* **THE TASK**: As you reproduce every line below, keep it exactly as written and leave out the images.

* **DATA EXTRACT**:

● ● ● ●

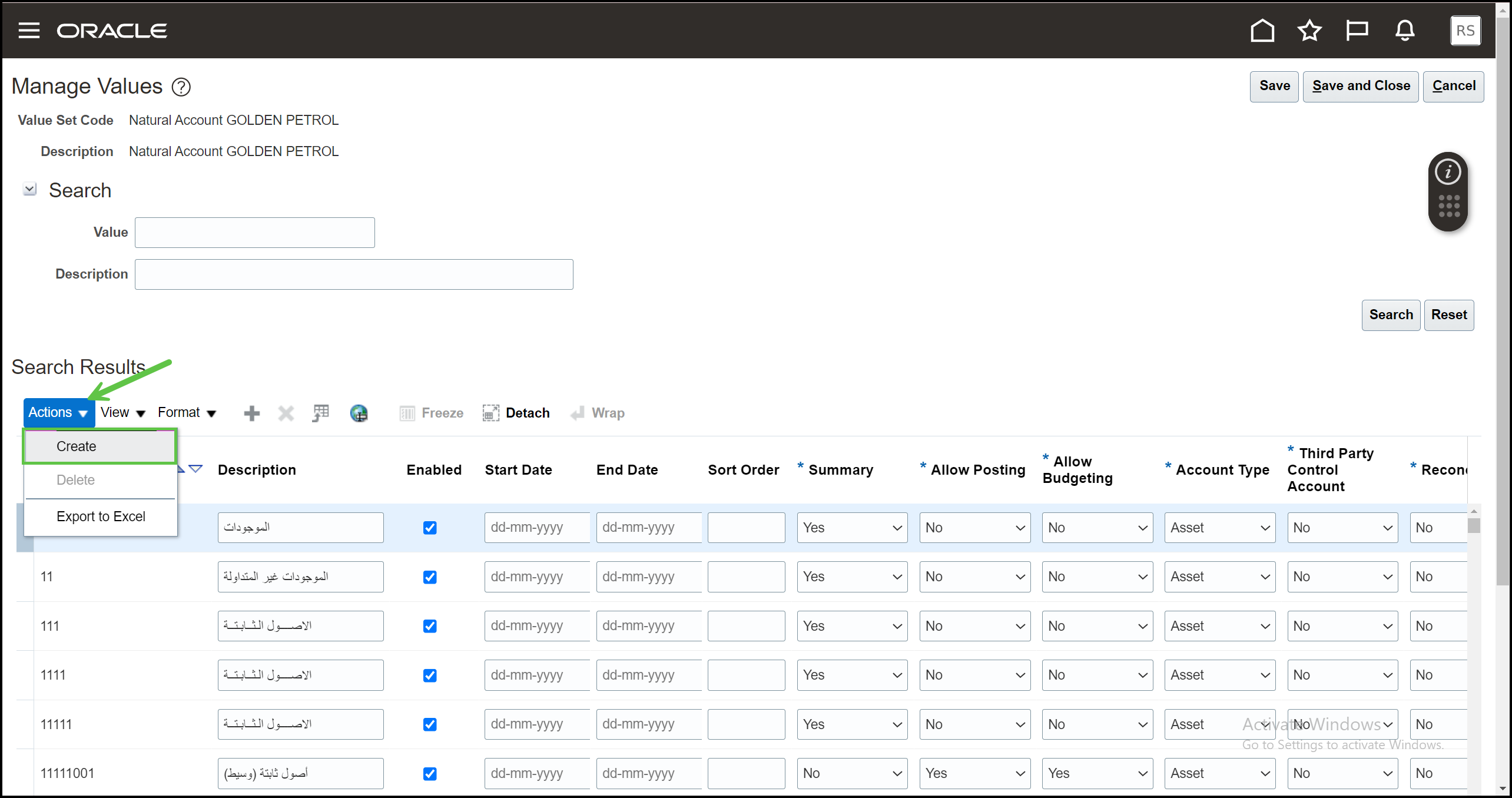 4- اختيار General Ledger في Module، ثم النقر على Search ثم اختيار ال Value Set Code، ثم النقر على Manage Values.
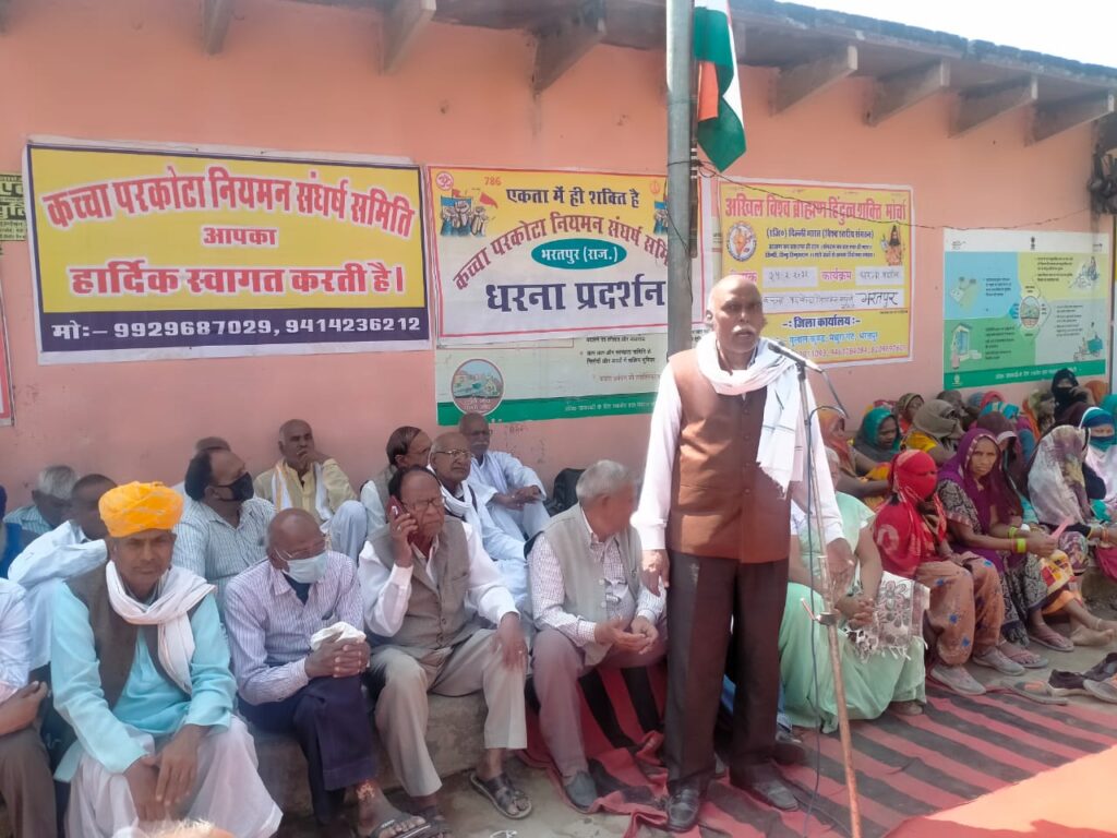 शहर के कच्चे परकोटे के पट्टे देने की गाइड लाइन जारी कराने की मांग को लेकर बुधवार को कच्चा परकोटा नियमन संघर्ष समिति के तत्वावधान में जिला कलेक्ट्रेट के सामने सातवें दिन का क्रमिक धरना जघीना गेट से लेकर सूरजपोल गेट के परकोटवासियों द्वारा समिति के संयोजक जगराम धाकड़ की अध्यक्षता में प्रदर्शन करते हुए दिया गया। क्रमिक धरने में क्षेत्रवार सैकड़ों की तादाद में महिला पुरुषों ने भाग लिया। आजाद समाज पार्टी (काशीराम) के जिलाध्यक्ष अनिल राय एवं उपाध्यक्ष योगेश कुमार ने इस आन्दोलन की मांगों का समर्थन देते हुए संघर्ष समिति द्वारा 10 मार्च की प्रस्तावित रैली में शामिल होने की घोषणा की।
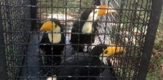 Tr?s tucanos filhotes s?o resgatados no Marambaia
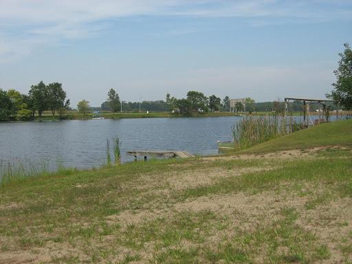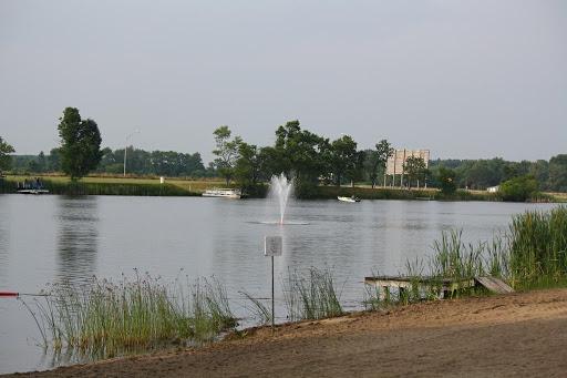 Ladies were nice and fun at check-in. Even got a free pen! Gravel roads with plenty of room to maneuver even without unhooking. Front of park seems to be full timers and the back is for renters which seems a bit nicer. Pull thru’s were long and spacious and pretty level. We could’ve leveled but chose not to for the one night. Really nice lake with sandy area and floating dock to jump off. Lake area was nice. Looked like a 20’s themed party was taking place in the pavilion. Overall a good park!

● ● ● ●

* **RESULT**:
 4- اختيار General Ledger في Module، ثم النقر على Search ثم اختيار ال Value Set Code، ثم النقر على Manage Values.
 शहर के कच्चे परकोटे के पट्टे देने की गाइड लाइन जारी कराने की मांग को लेकर बुधवार को कच्चा परकोटा नियमन संघर्ष समिति के तत्वावधान में जिला कलेक्ट्रेट के सामने सातवें दिन का क्रमिक धरना जघीना गेट से लेकर सूरजपोल गेट के परकोटवासियों द्वारा समिति के संयोजक जगराम धाकड़ की अध्यक्षता में प्रदर्शन करते हुए दिया गया। क्रमिक धरने में क्षेत्रवार सैकड़ों की तादाद में महिला पुरुषों ने भाग लिया। आजाद समाज पार्टी (काशीराम) के जिलाध्यक्ष अनिल राय एवं उपाध्यक्ष योगेश कुमार ने इस आन्दोलन की मांगों का समर्थन देते हुए संघर्ष समिति द्वारा 10 मार्च की प्रस्तावित रैली में शामिल होने की घोषणा की।
 Tr?s tucanos filhotes s?o resgatados no Marambaia
 Ladies were nice and fun at check-in. Even got a free pen! Gravel roads with plenty of room to maneuver even without unhooking. Front of park seems to be full timers and the back is for renters which seems a bit nicer. Pull thru’s were long and spacious and pretty level. We could’ve leveled but chose not to for the one night. Really nice lake with sandy area and floating dock to jump off. Lake area was nice. Looked like a 20’s themed party was taking place in the pavilion. Overall a good park!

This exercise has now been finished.